Retype the entries below exactly, dropping the images.
· · · · · · ·
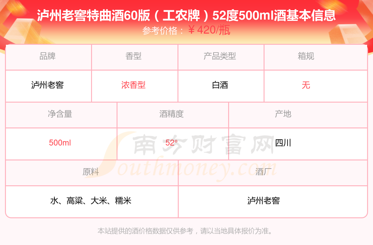 瀘州老窖特曲酒60版(工農(nóng)牌)52度500ml基本信息
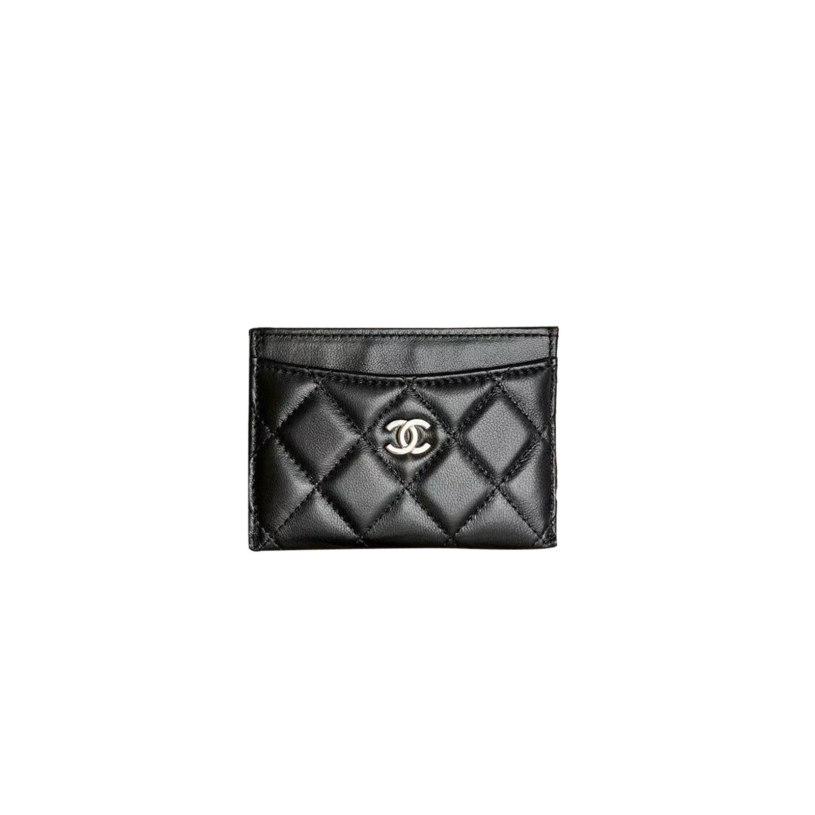 CHANEL BLACK LAMBSKIN CLASSIC QUILTED CARD HOLDER WALLET SILVER HARDWARE A31510锛�11*7.5*1cm锛�
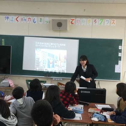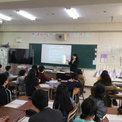 中学校と校区の小学校と連携し、中学校の教師が小学校に出向き、6年生を対象とした授業です。
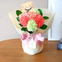 テーブルなどに飾りやすいサイズのスタンディングブーケです。愛らしいクマのピックが、ギフトに温もりを添えます。ラッピングの中にエコゼリー入りのブーケスタンドがセットしてあります。花瓶のご用意がいらずそのまま飾ることができます。大好きなお母さんへ「ありがとう」の気持ちを贈りませんか。商品のお届けが遅くなり夜間となる場合がありますこと、あらかじめご了承くださいませ。
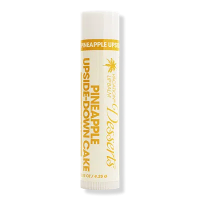 LIP BALM SPF 30 PINEAPLE UPSIDEDOWN CAKE. Benefits: Broad spectrum SPF 30. Water-resistant (80 minutes). PEG & paraben-free. A firm, warm-weather-friendly stick with a smooth, luxurious glide. Clean feeling with a subtle sheen. Truly transparent application. Hydrating and nourishing. Packaging made with recycled materials. Every Vacation formula is dermatologist tested and reviewed by toxicologists to ensure world-class protection. Key Ingredients: Coconut Oil, Jojoba Oil, & Olive Oil - Rich, emollient oils to keep lips feeling soft and smooth before, during, and after sun exposure. Candelilla & Sunflower Wax - A beeswax-replacing combination of waxes that help to provide a glossy shine. Aloe Vera - A naturally occurring cocktail of antioxidants that soothe and hydrate sun-kissed skin. Cocoa Butter - A delightful butter that strengthens the protective barrier and helps lips retain moisture. Vitamin E - A vitamin renowned for its ability to replenish sun-exposed skin. Formulated Without: Oxybenzone. Octinoxate. Parabens. Phthalates. PEGs. Beeswax. Mineral Oil.
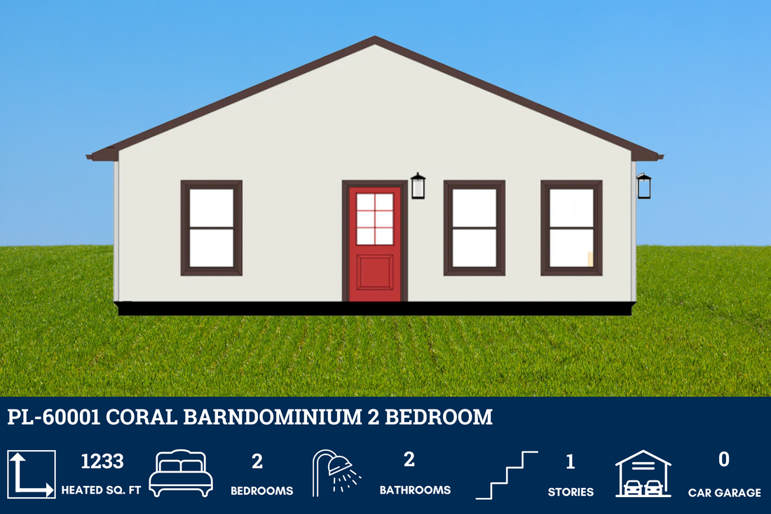Meet the PL-60001 Coral Barndominium House Plan. This 1,233 sq ft gem offers two bedrooms and two bathrooms, just like the Atticus barndominium. Open-concept barndominium floor plans such as these create an inviting atmosphere for versatile use.
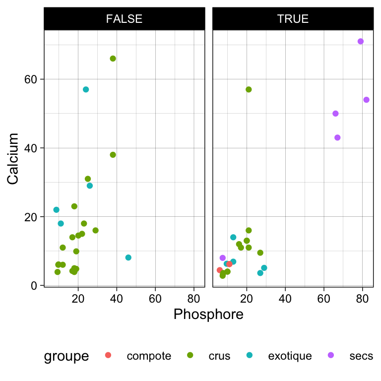 ggplot(fruits, aes(x = Phosphore, y = Calcium, color = groupe)) + geom_point() + facet_wrap(vars(Sucres > 10)) + theme_bw() + theme(legend.position = "bottom")
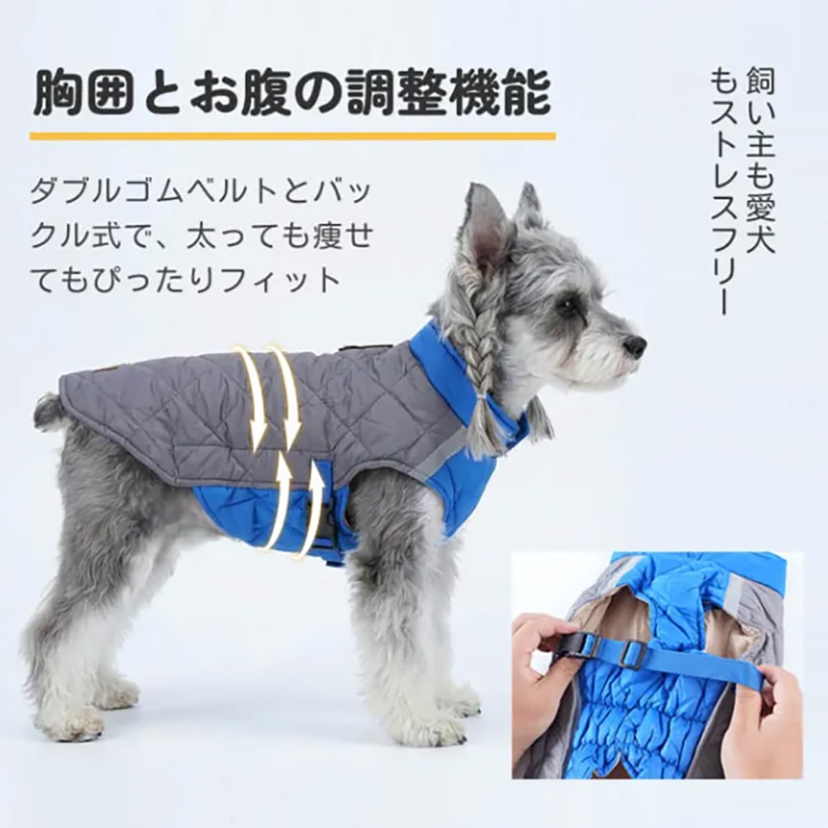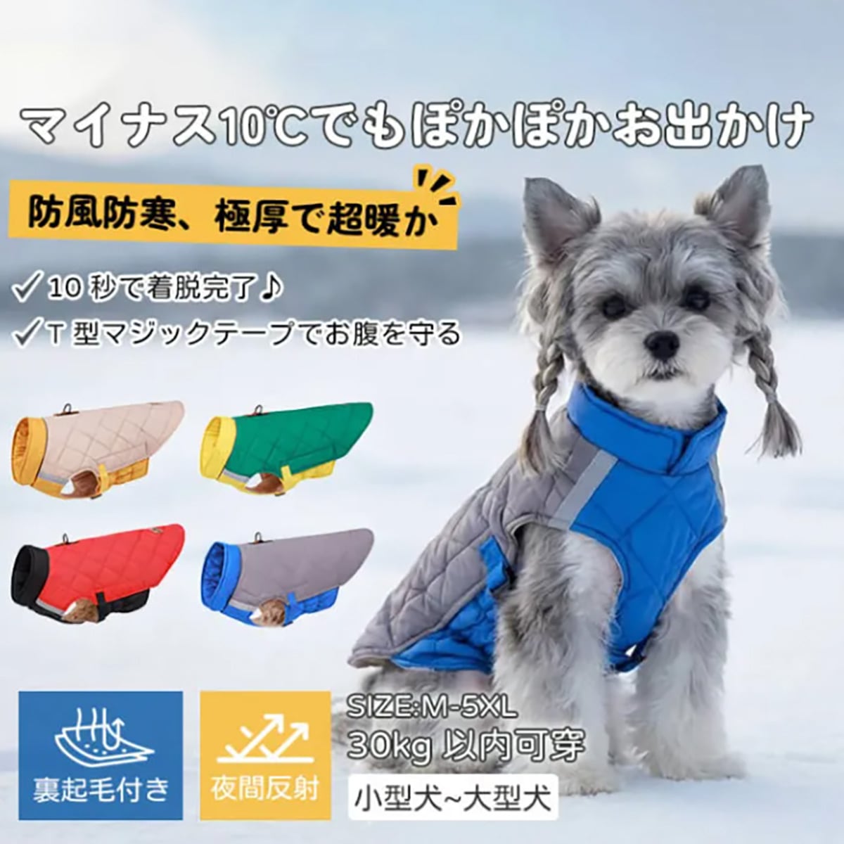 新型保温ウェアは、触れた瞬間から熱を蓄える「魔法瓶効果」で、愛犬を厳寒から守ります。軽量なキルティング加工とソフトな裏起毛で、長時間の着用でもストレスフリー。リードフック一体型で散歩準備もワンタッチ。夜間安心の反射材、オスメス対応Vカット設計など、安全性·快適性·利便性が全て揃った高機能ドッグウェアです。
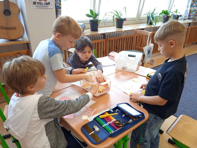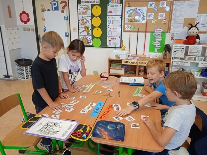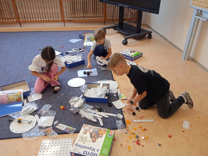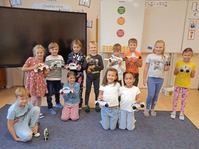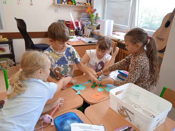 V Kvítečkově se roztočila kola poznání! Druháci naskočili do prvních center aktivit a vydali se na cestu světem dopravy. V matematickém centru skládali dopravní prostředky z geometrických tvarů – trojúhelníky se měnily ve střechy aut, obdélníky v karoserie, a počítání jelo na plný plyn. V Ateliéru se zrodily neuvěřitelné stroje ze stavebnice ROTA. Fantazie neměla brzdu. Centrum Objevy se proměnilo v dopravní laboratoř, kde děti zkoumaly značky, jejich význam a bezpečnostní pravidla. A v centru Čtení a psaní se dopravní prostředky seřadily podle abecedy, zatímco děti četly příběhy, které měly směr i cíl ve čtení s porozuměním. První jízda byla plná energie, tvořivosti a objevů – a už se těšíme, kam nás centra zavezou příště!
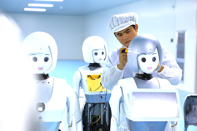 10月11日,由中国新闻摄影学会、中共金华市委宣传部主办的“高质量 发展看金华”暨全国百家媒体聚焦金华摄影采访活动在浙江省金华市启动。10月12日至15日,《中国冶金报》记者与《人民日报》、新华社等央媒,以及省地市县级媒体共100余家媒体记者组成的采访组,深入金华各地,以镜头为笔、光影为墨,捕捉产业脉动,解读时代魅力。图为10月12日,浙江恒东智能科技有限公司工作人员正在组装刚刚下线的机器人。该企业位于金华市金东区,凭借在智能控制、云脑超算和AI(人工智能)视觉等核心技术领域的突破,先后获得发明专利17项、实用新型专利50项、软件著作权25项。(本报记者 顾学超 摄)
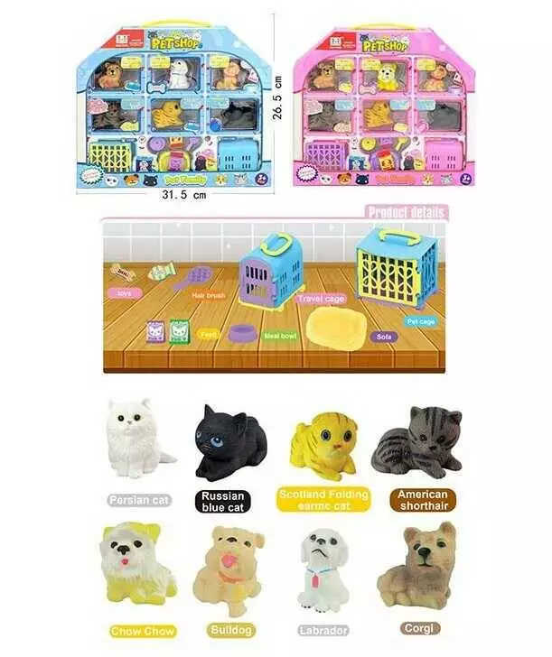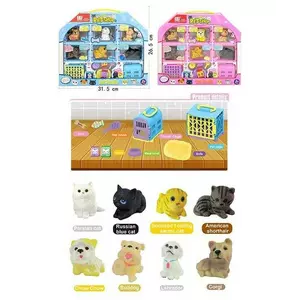 Набір тварин A 1687 (48/2) 2 види, 6 гумових тварин з пискавками, 2 переноски, аксесуари, в коробці
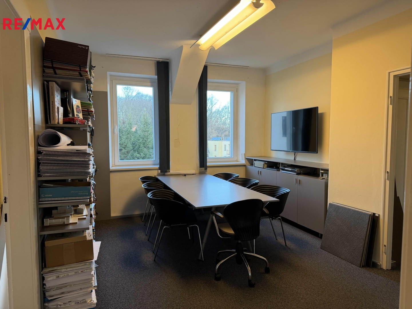 Součástí pronájmu jsou společné sdílené prostory: vstup, čajová kuchyňka / archiv, WC s umyvadlem a jednací–konferenční místnost s velkoplošnou projekcí DELL. K dispozici je síťová tiskárna BIZHUB C458 Konica Minolta (barevná, formát A3) a plotr HP (barevný, šířka role 60 cm).
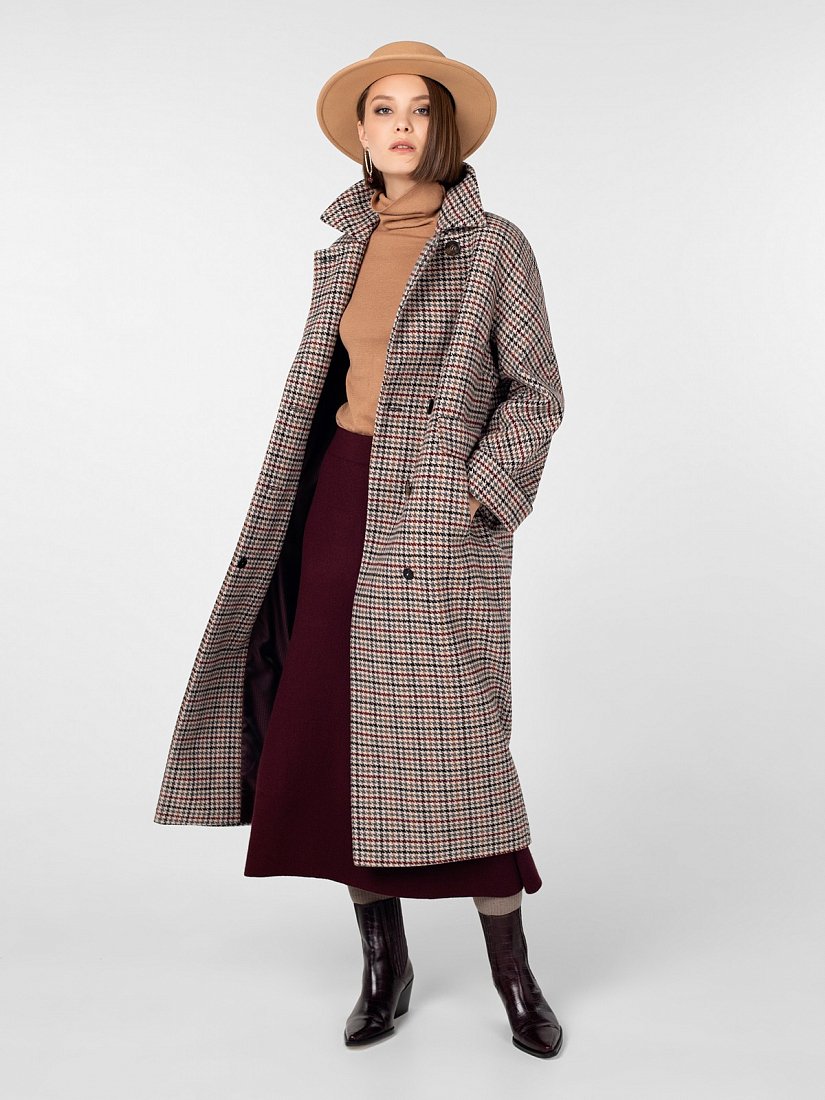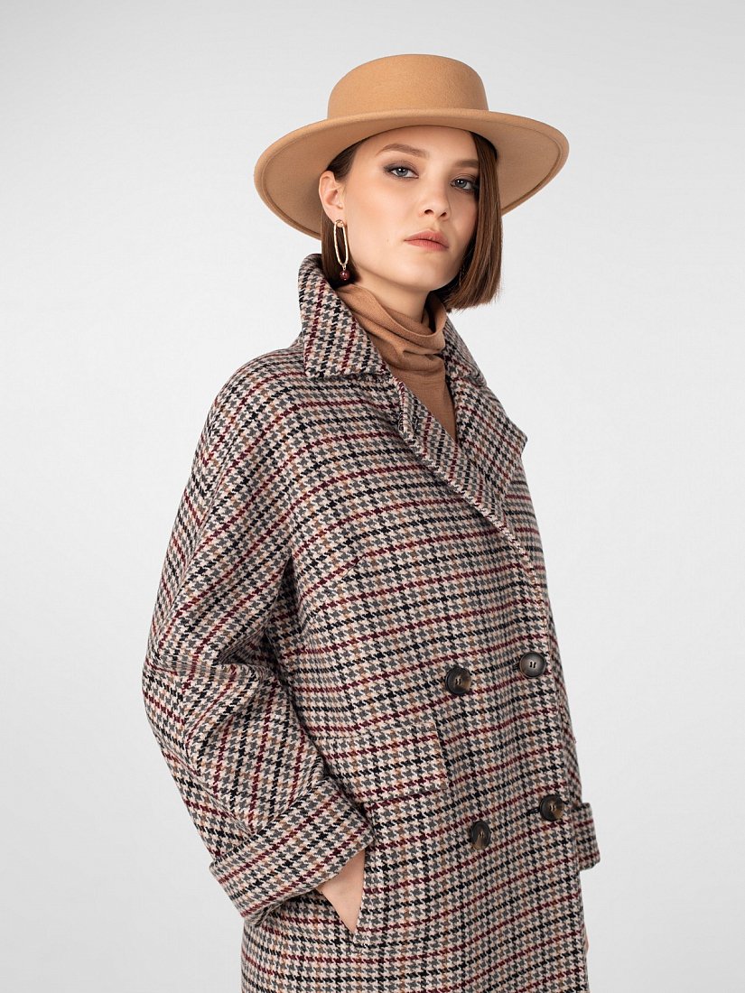 Двубортное пальто силуэта "длинный кокон" длиной до середины икры. Рукава-кимоно с отворотом по низу, застёжка на роговые пуговицы, английский воротник, карманы с декоративными клапанами, широкая отлетная кокетка на спинке, шлица в среднем шве. Произведено с ветрозащитной мембраной Raft Pro. Изготовлено из шерстяной ткани с рисунком "пье-де-пуль".
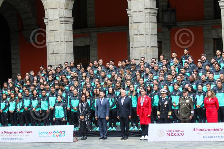 CIUDAD DE MÉXICO, 16OCTUBRE2023.- Leticia Ramírez, titular de la SEP; Martí Batres, Jefe de Gobierno; Andrés Manuel López Obrador, Presidente de México, y Ana Gabriela Guevara directora de la CONADE, durante la ceremonia de abanderamiento del equipo que participará en los Juegos Panamericanos de Santiago de Chile, en Palacio Nacional. FOTO: MOISÉS PABLO/CUARTOSCURO.COM
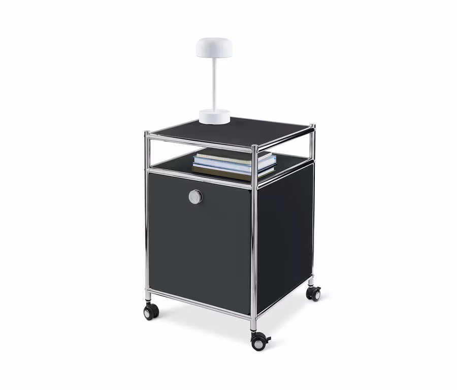 - Kontener na kółkach z chromowaną, metalową konstrukcją i gałką
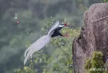 白鹇,是鸡形目雉科鹇属的一种留鸟。雄鸟上体白色并具黑色纹,下体黑色,头顶具黑色长羽冠,尾白而长;雌鸟体型较小,以橄榄褐色为主,下体具白色或皮黄色细纹;虹膜褐色,眼周具红色裸皮,喙黄色,脚鲜红色。…全部>>
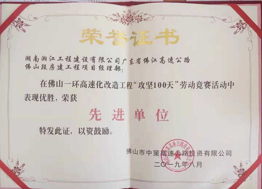 近期,由公司承建的佛山高速公路佛山段房建工程項目部在佛山一環高速化改造工程開展的“攻堅100天”勞動競賽活動中表現優異,以高質量的工作成績力超中國鐵建等三家參建企業,榮獲業主單位頒發的先進單位榮譽稱號..
· · · · · · ·
Written answer:
 瀘州老窖特曲酒60版(工農(nóng)牌)52度500ml基本信息
 CHANEL BLACK LAMBSKIN CLASSIC QUILTED CARD HOLDER WALLET SILVER HARDWARE A31510锛�11*7.5*1cm锛�
 中学校と校区の小学校と連携し、中学校の教師が小学校に出向き、6年生を対象とした授業です。
 テーブルなどに飾りやすいサイズのスタンディングブーケです。愛らしいクマのピックが、ギフトに温もりを添えます。ラッピングの中にエコゼリー入りのブーケスタンドがセットしてあります。花瓶のご用意がいらずそのまま飾ることができます。大好きなお母さんへ「ありがとう」の気持ちを贈りませんか。商品のお届けが遅くなり夜間となる場合がありますこと、あらかじめご了承くださいませ。
 LIP BALM SPF 30 PINEAPLE UPSIDEDOWN CAKE. Benefits: Broad spectrum SPF 30. Water-resistant (80 minutes). PEG & paraben-free. A firm, warm-weather-friendly stick with a smooth, luxurious glide. Clean feeling with a subtle sheen. Truly transparent application. Hydrating and nourishing. Packaging made with recycled materials. Every Vacation formula is dermatologist tested and reviewed by toxicologists to ensure world-class protection. Key Ingredients: Coconut Oil, Jojoba Oil, & Olive Oil - Rich, emollient oils to keep lips feeling soft and smooth before, during, and after sun exposure. Candelilla & Sunflower Wax - A beeswax-replacing combination of waxes that help to provide a glossy shine. Aloe Vera - A naturally occurring cocktail of antioxidants that soothe and hydrate sun-kissed skin. Cocoa Butter - A delightful butter that strengthens the protective barrier and helps lips retain moisture. Vitamin E - A vitamin renowned for its ability to replenish sun-exposed skin. Formulated Without: Oxybenzone. Octinoxate. Parabens. Phthalates. PEGs. Beeswax. Mineral Oil.
Meet the PL-60001 Coral Barndominium House Plan. This 1,233 sq ft gem offers two bedrooms and two bathrooms, just like the Atticus barndominium. Open-concept barndominium floor plans such as these create an inviting atmosphere for versatile use.
 ggplot(fruits, aes(x = Phosphore, y = Calcium, color = groupe)) + geom_point() + facet_wrap(vars(Sucres > 10)) + theme_bw() + theme(legend.position = "bottom")
 新型保温ウェアは、触れた瞬間から熱を蓄える「魔法瓶効果」で、愛犬を厳寒から守ります。軽量なキルティング加工とソフトな裏起毛で、長時間の着用でもストレスフリー。リードフック一体型で散歩準備もワンタッチ。夜間安心の反射材、オスメス対応Vカット設計など、安全性·快適性·利便性が全て揃った高機能ドッグウェアです。
 V Kvítečkově se roztočila kola poznání! Druháci naskočili do prvních center aktivit a vydali se na cestu světem dopravy. V matematickém centru skládali dopravní prostředky z geometrických tvarů – trojúhelníky se měnily ve střechy aut, obdélníky v karoserie, a počítání jelo na plný plyn. V Ateliéru se zrodily neuvěřitelné stroje ze stavebnice ROTA. Fantazie neměla brzdu. Centrum Objevy se proměnilo v dopravní laboratoř, kde děti zkoumaly značky, jejich význam a bezpečnostní pravidla. A v centru Čtení a psaní se dopravní prostředky seřadily podle abecedy, zatímco děti četly příběhy, které měly směr i cíl ve čtení s porozuměním. První jízda byla plná energie, tvořivosti a objevů – a už se těšíme, kam nás centra zavezou příště!
 10月11日,由中国新闻摄影学会、中共金华市委宣传部主办的“高质量 发展看金华”暨全国百家媒体聚焦金华摄影采访活动在浙江省金华市启动。10月12日至15日,《中国冶金报》记者与《人民日报》、新华社等央媒,以及省地市县级媒体共100余家媒体记者组成的采访组,深入金华各地,以镜头为笔、光影为墨,捕捉产业脉动,解读时代魅力。图为10月12日,浙江恒东智能科技有限公司工作人员正在组装刚刚下线的机器人。该企业位于金华市金东区,凭借在智能控制、云脑超算和AI(人工智能)视觉等核心技术领域的突破,先后获得发明专利17项、实用新型专利50项、软件著作权25项。(本报记者 顾学超 摄)
 Набір тварин A 1687 (48/2) 2 види, 6 гумових тварин з пискавками, 2 переноски, аксесуари, в коробці
 Součástí pronájmu jsou společné sdílené prostory: vstup, čajová kuchyňka / archiv, WC s umyvadlem a jednací–konferenční místnost s velkoplošnou projekcí DELL. K dispozici je síťová tiskárna BIZHUB C458 Konica Minolta (barevná, formát A3) a plotr HP (barevný, šířka role 60 cm).
 Двубортное пальто силуэта "длинный кокон" длиной до середины икры. Рукава-кимоно с отворотом по низу, застёжка на роговые пуговицы, английский воротник, карманы с декоративными клапанами, широкая отлетная кокетка на спинке, шлица в среднем шве. Произведено с ветрозащитной мембраной Raft Pro. Изготовлено из шерстяной ткани с рисунком "пье-де-пуль".
 CIUDAD DE MÉXICO, 16OCTUBRE2023.- Leticia Ramírez, titular de la SEP; Martí Batres, Jefe de Gobierno; Andrés Manuel López Obrador, Presidente de México, y Ana Gabriela Guevara directora de la CONADE, durante la ceremonia de abanderamiento del equipo que participará en los Juegos Panamericanos de Santiago de Chile, en Palacio Nacional. FOTO: MOISÉS PABLO/CUARTOSCURO.COM
 - Kontener na kółkach z chromowaną, metalową konstrukcją i gałką
 白鹇,是鸡形目雉科鹇属的一种留鸟。雄鸟上体白色并具黑色纹,下体黑色,头顶具黑色长羽冠,尾白而长;雌鸟体型较小,以橄榄褐色为主,下体具白色或皮黄色细纹;虹膜褐色,眼周具红色裸皮,喙黄色,脚鲜红色。…全部>>
 近期,由公司承建的佛山高速公路佛山段房建工程項目部在佛山一環高速化改造工程開展的“攻堅100天”勞動競賽活動中表現優異,以高質量的工作成績力超中國鐵建等三家參建企業,榮獲業主單位頒發的先進單位榮譽稱號..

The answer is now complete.